初演も見てますので、2回目なんですが、けっこう忘れていて、漫画チックな演出を楽しみました。ワグネリアンじゃない者には、こういう楽しいびっくりおもちゃ箱のような演出のほうが分かりやすいし、たいくつしなくていいと思います。
下心があるにせよ、前回より、親を必死でやっているミーメに同情しちゃいましたが、立派なヴォルフガング・シュミットだったからでしょうね。

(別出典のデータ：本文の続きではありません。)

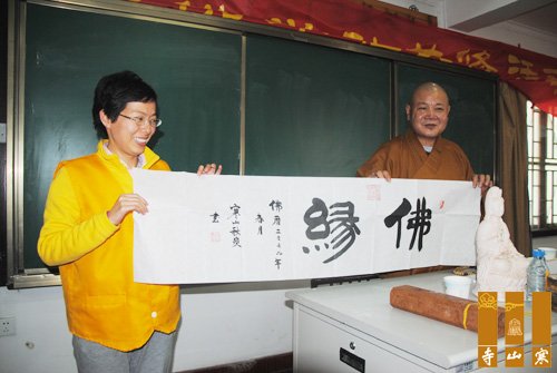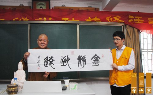 最后秋爽大和尚向学员提问,首先回答正确的学员得到秋爽大和尚的墨宝相赠,学员们争相回答,最后有三位学员分别得到“佛缘”、“海纳百川”及“宁静致远”三幅墨宝,让学员欢喜无量,大家也用热烈的掌声表达对秋爽大和尚的敬意。在这一片欢喜中,为期三天的五一共修活动圆满结束。

>小鳥が《ジークフリート》上演史上初めて舞台上に登場したのがこの“トーキョーリング”なのだそうです。
そうなんですか....知りませんでした。これは自慢できますね。

私は8列目で、舞台の奥もよく見えてよかったです。こういう演出では、オペラグラスを使っているとわけがわからなくなりますから、近くて全体が良く見える席がいいですね。

TBしますので、よろしくお願いします。
by keyaki (2010-03-08 16:51) 

しま

keyakiさん>
TB承認させていただきました。

>びっくりおもちゃ箱のような演出
はい。ご一緒したstraycatさんとも、「こういう演出のほうが(初心者の私達にとっては)押し付けがましくなくていいよね~」と話していました。
単純明快なヴェルディとは違って、ワーグナーは歌詞も哲学的で一朝一夕には理解できそうもありません;;;

>小鳥が《ジークフリート》上演史上初めて舞台上に登場した
keyakiさんに突っ込まれるとドキっとしてしまいますが(笑)、mixi内のコミュニティでどなたかがそのように仰っていたのです。
私も裏をとったわけではないので、違っていたらすみませんです。

keyakiさんも良い席でご覧になったんですね。
確かに、オペラグラスではちょっと辛そうです。
私のような門外漢がこんな良席に座っていいものか…と、恐縮しつつ、楽しませていただきました。